According to Equation (4), it can be seen that the contact resistance will increase with the increasing of the displacement Δd. If the relative displacement is large enough, the contact resistance will exceed the failure threshold, leading to failure. Further, once the external stress disappears, the asperity will return to its initial position due to the restoring force of the elastic part of the electrical connector. Then, the failure disappears and the whole process manifests as an intermittent failure.

2.5. Analysis of the Mechanism of Electrical Connector Intermittent Failure Induced by Vibration

In practice, the vibration is one of the primary factors that could cause the relative movement of the contact pairs. To investigate the electrical connector intermittent failure induced by vibration, the dynamic model of electrical connector under vibration is constructed, as shown in Figure 5.

According to Figure 5, the differential equation of the dynamic model is obtained as follows:

$$m_3{\ddot{z}}_c+2c_4{\dot{z}}_c+2k_4{z}_c=F\left(t\right)-\left(m_3-m_4\right){\ddot{z}}_4-m_1{\ddot{z}}_1-m_2{\ddot{z}}_2-2k_2\left(z_2-z_4\right)$$

(5)

The expression of $z_c$ is a sine or cosine wave when the vibration equation F(t) follows a sine or cosine wave.
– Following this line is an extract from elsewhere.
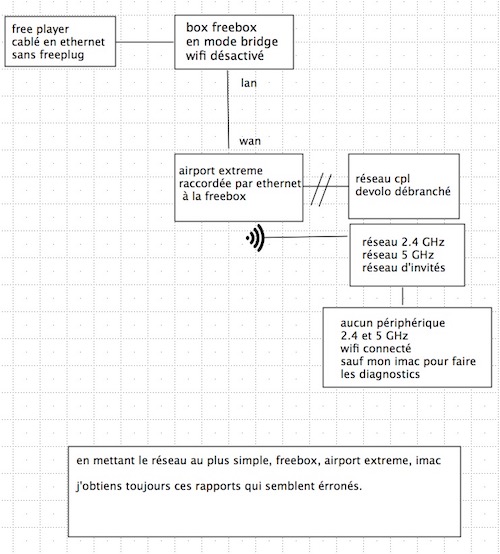 je possède une airport extreme en tant que routeur derrière une freebox en mode bridge dont le wifi est désactivé.
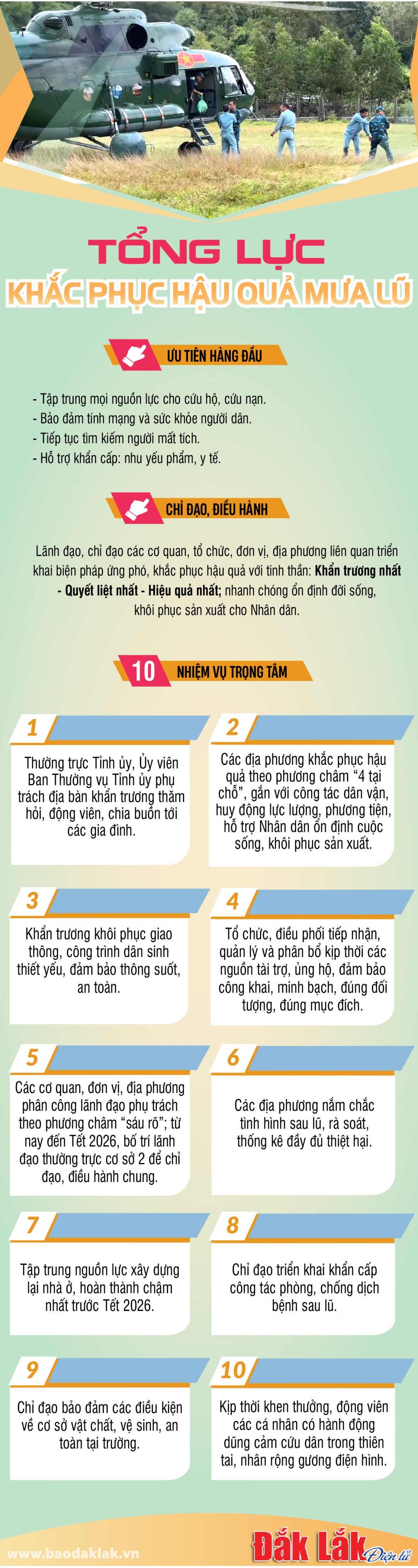 Trước những thiệt hại nghiêm trọng do mưa lũ gây ra, tỉnh Đắk Lắk đang huy động tổng lực khắc phục hậu quả, tập trung hỗ trợ kịp thời cho người dân tại các khu vực bị ảnh hưởng, nhanh chóng ổn định đời sống, khôi phục sản xuất cho nhân dân.

The amplitude of the relative displacement $z_c$ is maximized if the electrical connector is forced to vibrate at the resonance frequency. Let z_c(t) = Z_csin2πft, where $Z_c$ denotes the amplitude of $z_c$.

By analyzing the mechanism of intermittent failures induced by vibration is shown in Figure 6, and the contact resistance curve of a contact spot under sinusoidal vibration can be calculated.

In Figure 6, the shaded region of the larger circle refers to the plowing region, denoted by ①. The outer region refers to the oxidized region, denoted by ②. The smaller circle represents the “a-spot ”. The conductivity of the contact spot depends on the distribution of oxidized film on the rigid plate and the relative position of the asperity and the rigid plate.

Assuming that the displacement direction of the asperity remains consistent with the arrowhead, the curve of the contact resistance R_c could be plotted in Figure 6. Initially, the asperity comes into contact with the rigid plate in region ②, forming a “metal-oxide” contact spot that is nonconductive. As the asperity slides to region ①, the “metal-oxide” contact spot turns to an “entire-metallic” contact, which is conductive. If the asperity continues to reciprocate with the rigid plate, then the contact resistance value fluctuates. Once the level of vibration stress is high enough, intermittent failure may occur, and, the higher the vibration stress is, the higher the probability is for electrical connector intermittent failure.

The dynamic behavior of electrical connector intermittent failure in a reciprocating cycle is analyzed as follow. Assuming that the asperity is completely within region ① at time 0 and, considering the randomness of direction of plowing, the relative position between asperity and rigid plate is random. Let the distance from the center of the asperity to the left border of region ① be n and the distance to the right border of region ① be m, n > m, as shown in Figure 7.

According to the different amplitudes of reciprocating motion Z_c, a simple discussion of the dynamic behaviors of intermittent failure during a reciprocating cycle is given below.

Case 1: When Z_c < m, the asperity is always within region ① during a reciprocating cycle, and the contact resistance is stabilized at a lower value.

Case 2: When m < Z_c < n, the asperity slides to region ② from the right boundary of the region ①; the intermittent failure could be observed only once.

Case 3: When n < Z_c, the asperity slides to region ② from both the left and right boundaries of region ①; the intermittent failure could be observed twice.

The curve of contact resistance is shown in Figure 8.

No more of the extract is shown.